* _Description of the task_
When you copy from the entries that follow, take only the lines from the one with "消失的「告別卡」 亞視前主播解畫通訊局不允許" down to the one with "Ce répartiteur d'extension", keeping both ends and dropping every picture.

(Records from a data source)
=== Section Start ===

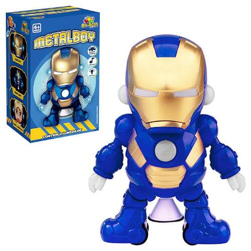 Rinquedo Infantil Boneco Robô Herói Dançante Metalboy Movimentos de Dança Luz e Som - Art Brink Robô Herói Dançarino C/som E Luz Os brinquedos eletrônicos educativos estimulam o contato com as cores, a audição e a concentração. O Robô Metal Boy, seguindo essa função, emite sons, mexe as pernas e os braços e gira. É programado com vários movimentos e danças iradas. É um brinquedo inovador e divertido que veio para agradar uma nova geração de crianças. É interativo, e seus movimentos irão deixar todos surpresos. A qualidade não fica de fora da brincadeira e seu material é muito resistente e com alta qualidade. A segurança também é garantida: o brinquedo é fabricado com bordas arredondadas, evitando, assim, acidentes. O produto é uma excelente opção de presente para crianças de várias idades. Especificações: Composição: Plástico ABS e Metal. Medidas: 19 x 16,5 x 10,5 cm Alimentação: 3 Pilhas AA 1,5v Não Inclusas Selo do INMETRO - 005077/2019 Peso: 0,350kg Conteúdo da embalagem: - 01 - Robô
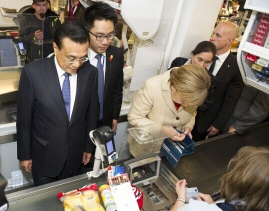 在超市的入口,默克爾拿起了一個(gè)提籃,轉(zhuǎn)頭對(duì)李克強(qiáng)總理說(shuō):“你不用拿了,我們用一個(gè)就行?!?/p>
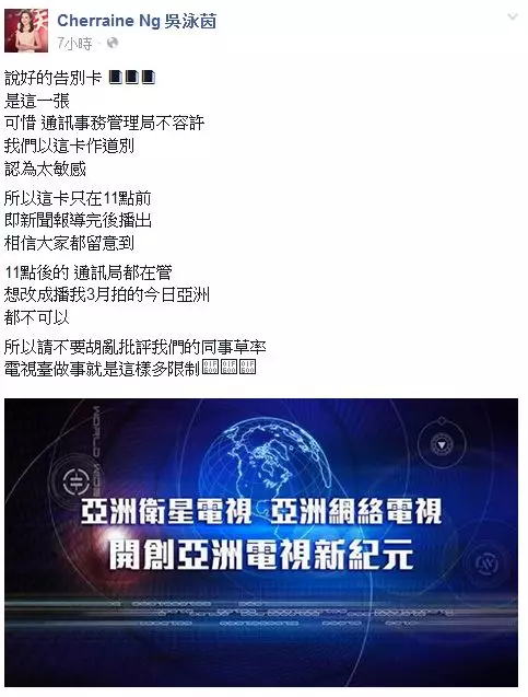 消失的「告別卡」 亞視前主播解畫通訊局不允許
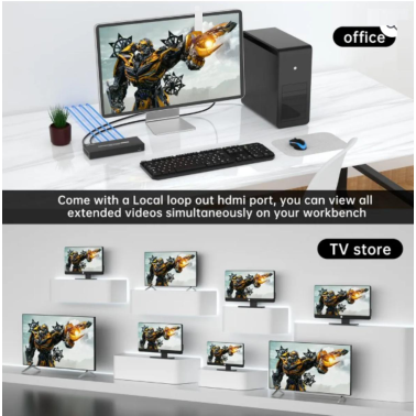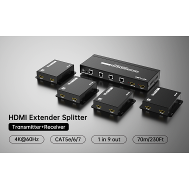 Ce répartiteur d'extension HDMI étend le signal HDMI sans perte à 9 moniteurs simultanément, (4 moniteurs via un câble Cat5/Cat6/Cat7, 4 autres moniteurs via un câble HDMI, le dernier via le port HDMI LOOP OUT,) partageant 9 vidéos identiques.
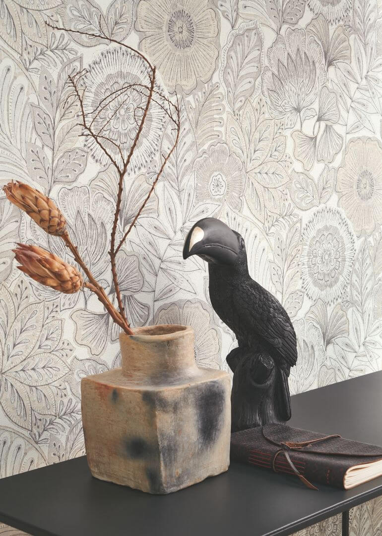 Tapeta w kwiaty i liście została zainspirowana tradycyjną techniką malowania na tkaninę – batik. Metoda ta jest osiągnięta za pomocą wosku, jest traktowana jak dzieło sztuki w warsztatach na wyspie Bali. Mistrzowska technika została przestawiona na tej przepięknej tapecie, która przeplata egzotyczne kwiaty i liście. Całość została ukazana na tle z efektem tekstylnym, dzięki czemu pomieszczenia staną się przytulne oraz przyjazne dla naszych oczu.
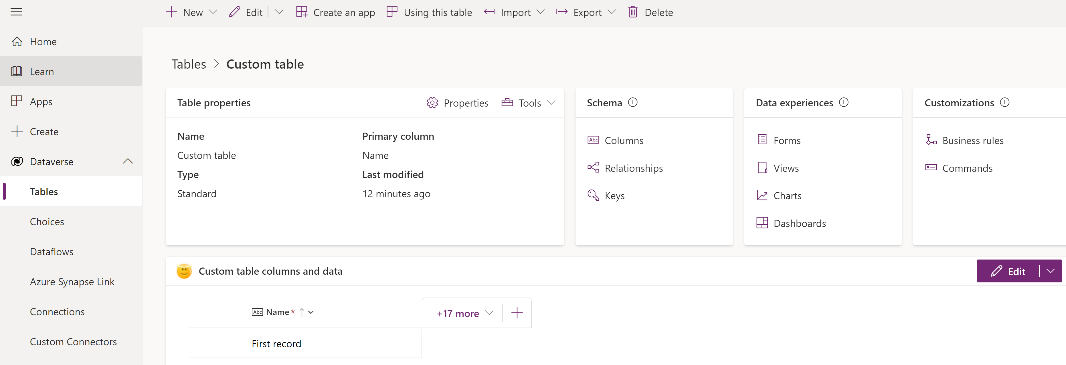 В концентраторе таблиц выберите Редактировать, чтобы открыть конструктор таблиц. Конструктор таблиц позволяет вносить обширные изменения в таблицу, включая редактирование или добавление новых записей и столбцов, редактирование свойств таблицы или создание приложения на основе модели на основе таблицы.

=== Section End ===

* _Exercise response_
 消失的「告別卡」 亞視前主播解畫通訊局不允許
 Ce répartiteur d'extension HDMI étend le signal HDMI sans perte à 9 moniteurs simultanément, (4 moniteurs via un câble Cat5/Cat6/Cat7, 4 autres moniteurs via un câble HDMI, le dernier via le port HDMI LOOP OUT,) partageant 9 vidéos identiques.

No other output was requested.